Run the Neural Network Layer MicroSim Fullscreen

Edit the Neural Network Layer MicroSim with the p5.js editor

You can include this MicroSim on your website using the following iframe:

<iframe src="https://dmccreary.github.io/linear-algebra/sims/neural-network-layer/main.html" height="502px" scrolling="no"></iframe>

Description

This MicroSim visualizes how a fully connected neural network layer is implemented as matrix-vector multiplication. Each layer computes:

\[h = \sigma(Wx + b)\]

where:

x is the input vector (left neurons)
W is the weight matrix (connection lines)
b is the bias vector (optional, shown as nodes above outputs)
σ is the activation function (ReLU, sigmoid, tanh, or none)
h is the output vector (right neurons)

Key Features:

Visual Weights: Connection thickness shows weight magnitude; blue = positive, red = negative
Activation Functions: Compare ReLU, sigmoid, tanh, or linear (none)
Adjustable Architecture: Change the number of inputs and outputs
Bias Toggle: Show or hide bias terms
Random Initialization: Generate new weights or inputs

The Matrix View

The weight matrix W has dimensions (outputs × inputs).
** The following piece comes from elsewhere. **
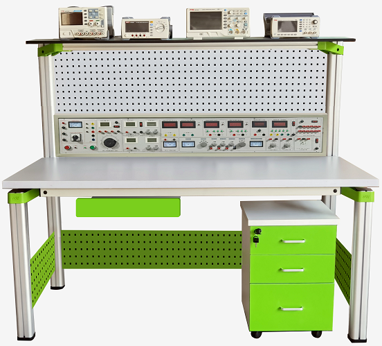 本实训台主要由实训主机箱、仪器架、电源控制箱、独立实训电路模块、实训桌(含磁吸式实训基座)、储存柜、学生凳等组成。

Each row of W corresponds to one output neuron and contains the weights for all connections to that neuron.

For 3 inputs and 2 outputs:

\[W = \begin{bmatrix} w_{11} & w_{12} & w_{13} \\ w_{21} & w_{22} & w_{23} \end{bmatrix}\]

The output is computed as:

\[h_i = \sigma\left(\sum_{j=1}^{n} w_{ij} x_j + b_i\right)\]

Activation Functions

Function	Formula	Range	Properties
None	σ(z) = z	(-∞, ∞)	Linear, no nonlinearity
ReLU	σ(z) = max(0, z)	[0, ∞)	Sparse activation, fast
Sigmoid	σ(z) = 1/(1+e^(-z))	(0, 1)	Smooth, probability interpretation
Tanh	σ(z) = tanh(z)	(-1, 1)	Zero-centered, smooth

Lesson Plan

Learning Objectives

After using this MicroSim, students will be able to:

Explain how a neural network layer implements matrix-vector multiplication
Describe the role of weights, biases, and activation functions
Calculate the output of a simple layer by hand
Connect linear algebra concepts to deep learning

Guided Exploration (7-10 minutes)

Start Simple: Set inputs=2, outputs=2, activation=none, no bias
Observe Weights: Click "Random W" and watch connection changes
Add Nonlinearity: Switch to ReLU and note how negative pre-activations become 0
Enable Bias: Toggle bias on and observe the bias nodes appear

Key Discussion Points

Why do we need activation functions? (Without them, the whole network is just one big linear transformation)
What does a large positive weight vs large negative weight mean visually?
How many parameters (weights + biases) does this layer have?

Assessment Questions

For a layer with 4 inputs and 3 outputs, what are the dimensions of W?
If all weights are positive, can an output ever be negative (with ReLU)?
How many total parameters does a 10-input, 5-output layer have (with bias)?

References

Chapter 2: Matrices and Matrix Operations - Neural network layers as matrix operations
Deep Learning Book - Goodfellow, Bengio, and Courville